Each week, I share what I have learned — and am learning — about AI and tech in the university classroom. What works, what doesn't, and why.
In this week’s edition, I present a guide for how to discourage and prevent AI misuse.
Over the past six months, we have been testing take-home assignments for our AI-immunity challenge — experimenting with them to see if we can crack them with AI tools alone in an hour or less. We have been testing our own assignments, experimenting with all sorts of AI tools, and reading about others’ methods online and in our learning community. We have been researching AI detectors. We have been thinking seriously about how to design assignments to encourage AI use, as well as how to design them to prevent AI misuse. We have been consulting with professors about how to build their courses for the fall. We have been collaborating with educational researchers to learn more about best practices for oral assessments and in-class dialogue.
In this piece, I build on these experiences to present a comprehensive guide to discouraging and preventing AI misuse by university students.
I am often told by professors that they would appreciate a zoomed-out take on this issue, rather than a piecemeal or partial approach. Here it is, with the main options available to professors, at least as I see things here in the summer of 2023.
🖼️ The Big Picture
There are six broad strategies you can take to discourage and prevent AI misuse by students on a given assignment:
1. Motivate students to not misuse AI in completing the assignment.
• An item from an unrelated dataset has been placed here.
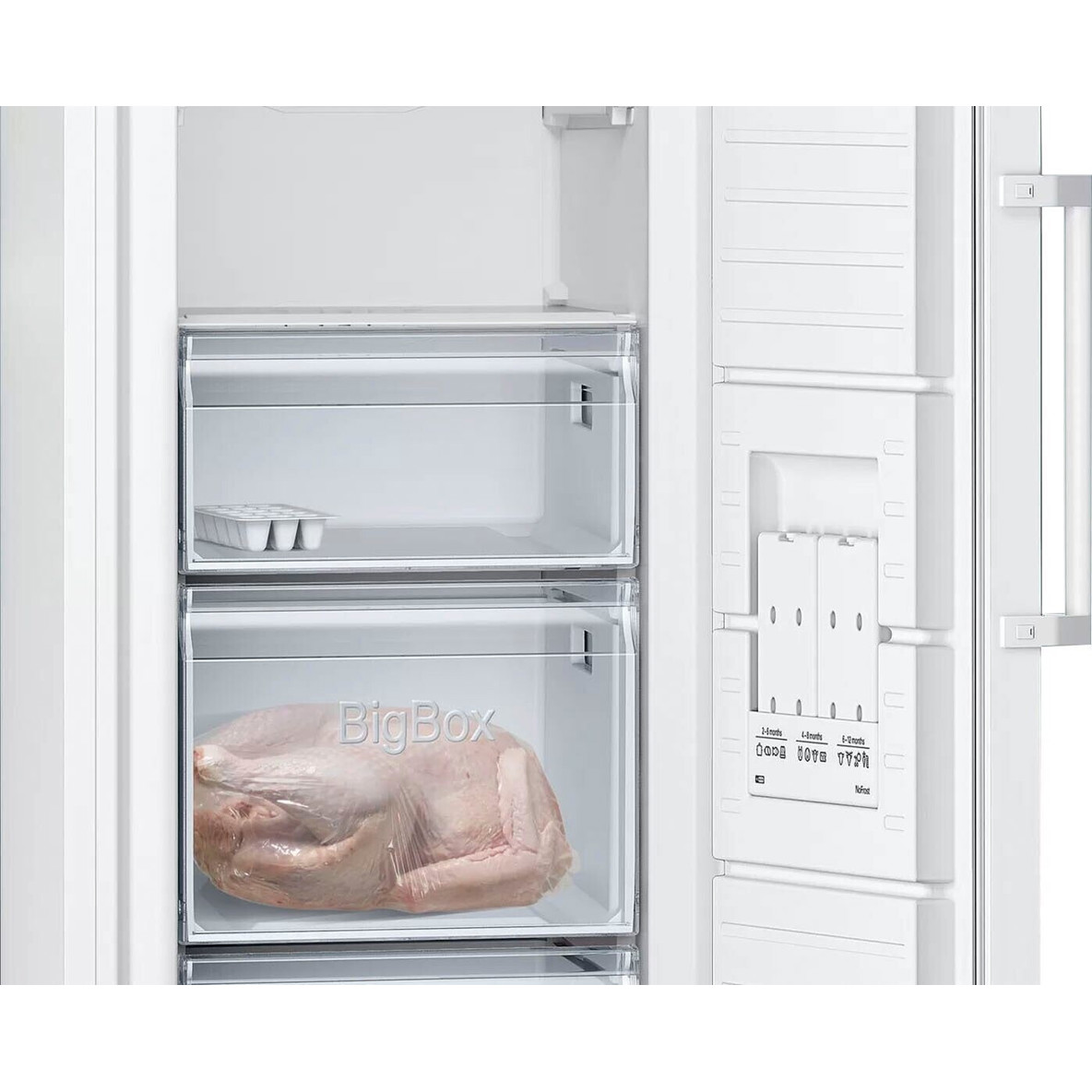 Der Siemens iQ300 GS29NVWEP ist ein freistehender Standgefrierschrank mit einer Breite von 60 cm und einem großzügigen Nutzinhalt von 200 Litern. Dank der No-Frost-Technologie gehört manuelles Abtauen der Vergangenheit an, was Ihnen Zeit und Mühe spart.

2. Require students to complete the assignment without access to AI.
Because AI can be accessed easily on a device connected to the internet — and even on those that are not — this leaves two device-free options:
Develop an in-class handwritten version of the assignment.
Develop an in-class oral version of the assignment.
However, in some contexts, secure online proctoring is available as an alternative, as I will discuss below.
3. Allow students to complete a (more) AI-immune version of the assignment with access to AI.
Developing an assignment to be more AI-immune is a complex and ever-evolving process, but there are two broad categories of options:
Develop an assignment that is AI-immune due to its format.
Develop an assignment that is AI-immune due to its content.
4. Pair the assignment with another assignment that students must complete in an AI-free zone, such that they are incentivized to achieve the learning objectives in both cases.
Conceptualize pairing like you conceptualize students’ ability to rely on their peers’ expertise at their dorms and in the dining hall. Sure, they can ask their clever friend about how to solve a problem or write an essay, but then they need to come to class and perform with those skills and that knowledge internalized (and not merely memorized).
5. Do nothing.
6. Some combination of the above.
Let’s discuss these in sequence.
1 - 🍎 An Ounce of Discouragement
…is worth a pound of prevention.
Or so Professor Paul Blaschko argued in a recent interview at AutomatED. According to Blaschko — and plausible in its own right — one of the central goals of the educator is to convince students of the extrinsic and intrinsic value of what they are learning. A teacher’s job is not just to convey facts, information, or knowledge, but rather to inculcate in their students the motivation to care about their subject matter, to find it interesting, and to value learning it the right way — both for what it is in itself and what it will bring them. The result of a professor successfully completing this motivational task will be students who do not want to misuse AI or, more generally, cheat.
While there are some students, some professors, and some contexts where this strategy may be less feasible than others, it is surely the first line of defense for many professors. Besides, we should be working to motivate our students in these ways more generally, AI misuse aside.
One way to alter the motivation paradigm entirely is “ungrading,” which has slowly gained some popularity — and notoriety — in recent years. In short, ungrading is a broad family of pedagogical practices that deemphasize or remove graded assessment. You can read about it ad nauseum elsewhere (see here, here, or here). In whatever way you implement ungrading, the core idea would be that it would discourage AI misuse because it discincentivizes students from wanting to cheat or plagiarize in the first place, as Emily Pitts Donahoe has discussed. The concern, of course, is that it disincentivizes them in bad ways, too, but that’s a debate beyond the purview of this piece. Nevertheless, it is worth considering as an option.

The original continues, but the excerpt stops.